Friday, January 8th, 2010
9

Local Advice Column: "Don't Laugh But I Was Counting on The Singularity"

"Question: Is there an afterlife? -Matt."

Answer: If you ever need to make your own Grand Canyon, start with a river and lift up the earth. As the ground rises the river will carry some of it away. Wait seven million years, at which point tourists will come. Some will see eons of erosion at work; others will believe that, a mere 4,500 years back, God dragged His fingernail across the desert. Like the group of evangelical-Christian creationists that rafted through in 2005. 'One of the things it says to me,' a rafter was quoted as saying, 'is I'm small and God and the world He created is huge. This is a man-dwarfing place.'

9 Comments / Post A Comment

andrea (#1,025)

…Paul Ford?

andrea (#1,025)

Ohhh. Nevermind.

I thought man-dwarfing was illegal in most of the southwest. Sodom, Gomorrah, etc.

DoctorDisaster (#1,970)

That column uses the word "embiggened." This should not be allowed.

Kevin (#2,559)

Why not?
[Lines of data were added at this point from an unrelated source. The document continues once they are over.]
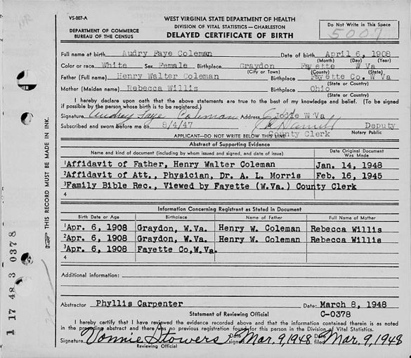 I did a search on the West Virginia Department of Arts, Culture and History Births web page and sure enough here is Audry and her twin brother Andy with the same birth date: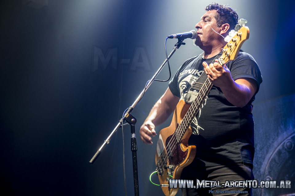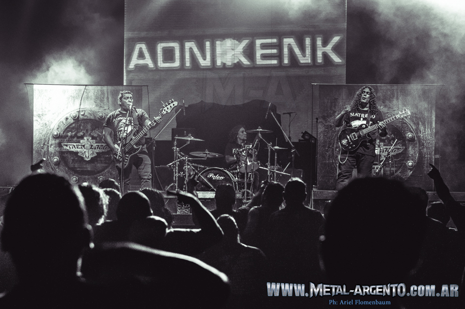La jornada pesada tuvó su arranque temprano. Si bien el evento se centró en la celebración de los 20 años de No Me Importa (1995) más el cierre de la gira de sus 25 años de trayectoria, bandas invitadas estuvieron a cargo de precalentar la noche. Temprano sonaron Roascio y Voltios. Después llego el turno de Aoniken. La banda patagónica Daniel Carrasco (Bajo y Voz) Juanchy Basualto (Bateria) y Ariel Basualto (Guitarra) nacieron, también, hace 25 años. La banda es metal argentino. Ese impronta dura y de tierra adentro, que nos remite a Ricardo Iorio, o ¿Será qué Iorio nos remite a Aoniken? «De mi pensar» fue uno de sus temas mas festejados, aunque el Teatro se encontraba con poca presencia de seguidores de remeras negras.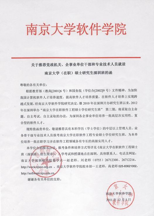 南京大学是教育部直属的全国重点综合性大学,是首批列入国家“211工程”和“985工程”重点建设的大学之一,是国家“111计划”和“珠峰计划”重点建设的名牌大学。南京大学软件学院是教育部和国家计委批准设立的国家级示范性软件学院。根据国家教育部和国务院学位委员会相关文件的规定,经南京大学软件学院批准,南京大学软件学院与南京大学深圳研究院在深圳联合招收培养在职软件工程硕士专业学位研究生。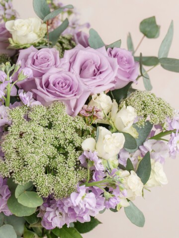 We love the color purple. Not only do we design unique purple rose arrangements, but your recipient will receive their flowers in our signature pink box. Inside are the roses, kept fresh in a container of water, covered with delicate tissue paper and sprinkled with rose petals. You can also include a note or picture if you choose. Once the box is sealed, we attach a single rosebud. Opening the box is almost as enjoyable as the gorgeous lavender roses held inside.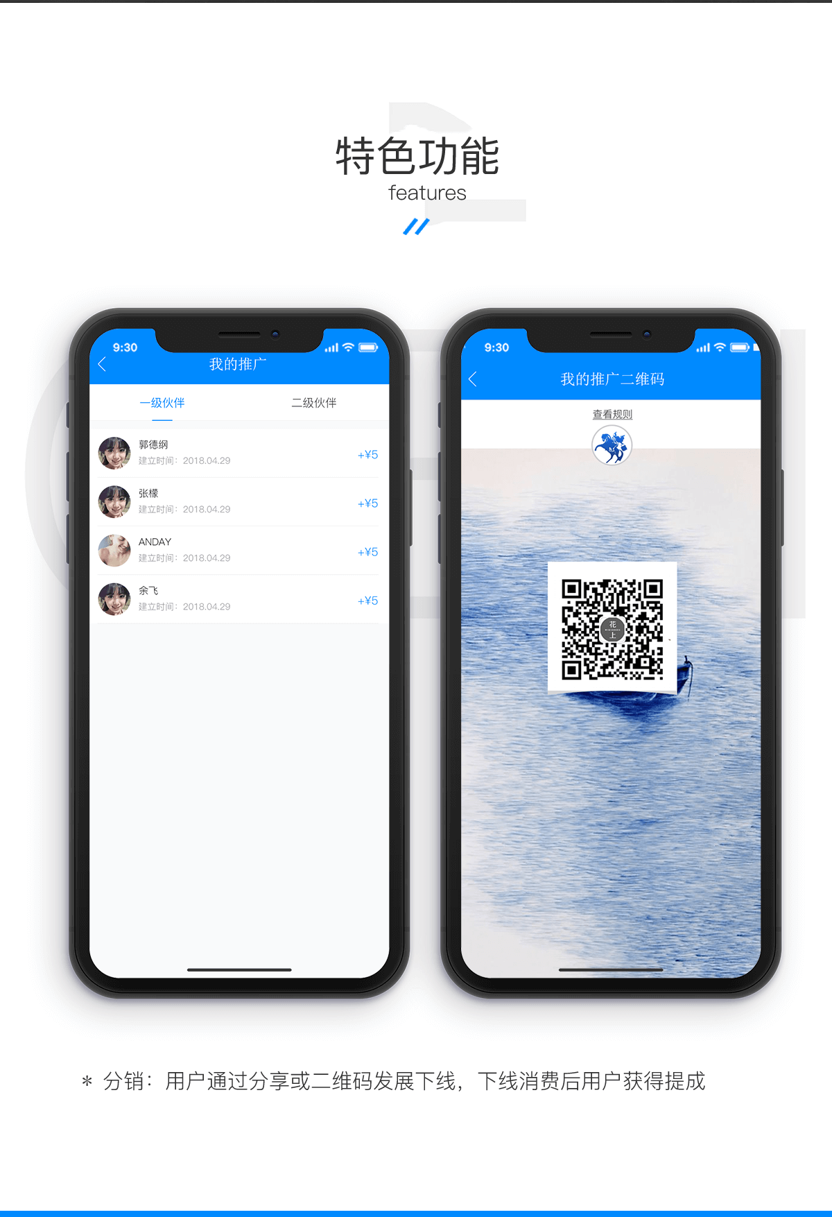 分销:用户通过分享或二维码发展下线,下线消费后用户获得提成

It's a perfectly cromulent word.

johnpseudonym (#1,452)

There are moments that come to me in the shower, too. Just not those kinds.

KarenUhOh (#19)

Conceptually flawed. Christians go to Disney World.

Sakurambobomb (#1,722)

Little does he know that I am already a useful emptiness hovering over the Grand Canyon!

oatsmoats (#310)

Abstruse replies are generally funny; this one depressed the hell out of me.